The Marriott Custom House was Boston's first skyscraper. The building was initially completed in 1847, with the twenty-six floor tower added in 1913. The original design was that of a Greek temple, with Doric columns on all four sides, and a large domed roof. Before land reclamation was done in the mid-1800s, Boston's waterfront had extended right to this building.
The Custom House was completely renovated in the 1990s, and now is a timeshare owned by Marriott Vacations. The building has luxurious rooms, harbor and city views, a full-service concierge, and an open observation deck on the 25th floor.
The following is quoted from the 1850 Boston Almanac, with a historic description of the original Custom House building:
"Situated at the head of the dock between Long and Central Wharves, fronts east on the dock, west on India Street, and is in the form of a Greek Cross, [with] the opposite sides and ends being alike. It is 140 feet long north and south, 75 feet
wide at the ends, and 95 feet through the centre.
It is built on about 3,000 piles, fully secured against decay; the construction throughout is fire proof and of the very best kind.

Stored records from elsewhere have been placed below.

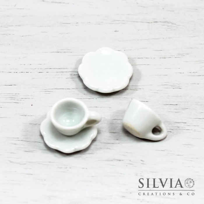 Set tazzina e piattino a fiore in ceramica bianca da 16x09x15 mm
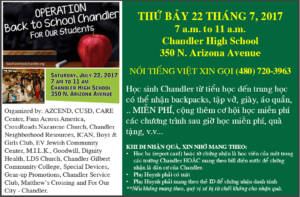 Để chuẩn bị cho các em học sinh bước vào năm học mới, vào sáng thứ bảy ngày 22 tháng 7, Cộng Đồng Việt Nam AZ (CĐVNAZ) cùng các Hội Từ Thiện và các thiện nguyện viên đã hợp tác với The City of Chandler để tổ chức chương trình Operation Back to School (Trở Lại Trường Học). Đây là chương trình phát cặp đi học (backpack), quần áo, giày, sách vỡ, v.v… đặc biệt chỉ dành cho các em học sinh từ lớp mẫu giáo đến lớp 12 đang cư ngụ tại thành phố Chandler. Chương trình nầy đã được chuẩn bị từ mấy tháng trước. Các thiện nguyện viên đã đi họp thường xuyên với The City of Chandler để chương trình được tổ chức một cách chu đáo.
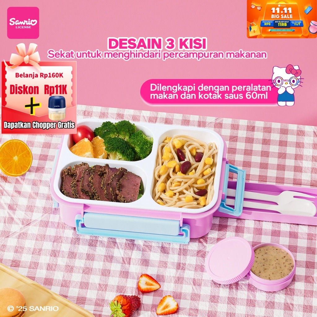ecentio 800ml 3 Gird Kotak makan Set anti tumpah lunch box anak lucu kotak bekal anak perempuan free sendok BPA FREE tem

The exterior of the building is purely Grecian Doric, not a copy, but adapted to the exigencies and peculiarities of the structure, and consists of a portico [overhang] of 6 columns on each side, on a high flight of steps, and an order of engaged
columns around the walls, 20 in number, on a high stybolate or basement; the order of engaged columns terminating with 4 andae [pilasters] at their intersection with the porticos. The columns are 5 feet 4 inches in diameter and 32 feet high, the
shaft being in one place, each weighing about 42 tons.
The cellar, which is 10 feet 6 inches high to the crown of the arches, is principally used for the storage of goods, which are conveyed to it through the basement story. The steam apparatus for warming the whole building (which it does effectively) is situated in the cellar, having easy access to the coal vaults under the sidewalk outside of the building.
The principal entrances to the basement story are at each end. They are for the receipt of goods for storage. Near the northwest corner, on the west side, is the entrance to the Night Inspectors' apartments, also to the private staircase leading to the Collector's room and the attic. South of the west portico is the entrance to the heating apparatus room, and on the south end is the entrance to the Custom House Truckmen's room. This story consists of rooms for the Night Inspectors, Custom House Truckmen, and Engineer of the Heating Apparatus, also three sets of Water Closets: the remainder is used for storage of goods, weigher's tabs, etc.
The principal ingress to the entrance story is through the porticos, but it can be entered from the Collector's private staircase, and from two other private staircases in the basement. This story contains apartments and offices for the Assistant
Treasurer, the Weighers and Guagers, the Measurers, Inspectors, Markers, Superintendent of Building, etc. In the centre is a large vestibule, from which two broad flights of steps lead to the principal story, landing in two smaller vestibules
therein, lighted by skylights in the roof, and these vestibules communicate with all the apartments in this story. The several rooms are for the Collector, Assistant Collector, Naval Officer, Surveyor, Public Store Keeper, their Deputies and Clerks;
and for the facilities of doing business this arrangement is not surpassed. The grand-cross shaped Rotunda, for the general business of the Collector's department, in the centre of this story, is finished in the Grecian Corinthian order; it is 63
feet in its greatest length, 59 feed wide, and 62 feet in the skylight.
The building was commenced in 1837, and entirely completed in 1849; it has cost about $1,076,000, including the site, foundations, etc. It was designed by A.B. Young, A.M., Architect, and erected under his immediate supervision throughout. The execution of the whole was under the general direction of the Board of Commissioners, appointed by the Secretary of the Treasury of the United States. This Board consisted of Samuel S. Lewis, Esq., as chairman, Robert G. Shaw, Esq., disbursing agent and commissioner, and Collector of the Ports of Boston and Charlestown for the time being. Jonathan P. Robinson was Clerk to the Board of Commissioners. In one of the panels of the Rotunda is inserted a tablet of marble, containing the following inscription:
'Boston Custom House Building. Authorized by the 23d Congress, A.D. 1835. Andrew Jackson, President U.S.A.; Levi Woodbury, Sec'y of the Treasury. Opened August 1st, A.D. 1847, James K. Polk, President U.S.A.; Robert J. Walker Sec'y of the Treasury; Marcus Morton, Collector of the Port; Samuel S. Lewis, Robert G. Shaw, Commissioners; Ammi Burnham Young, Architect.'"
Nearby attractions to the Boston Custom House building include the New England Aquarium, Faneuil Hall, and Quincy Market.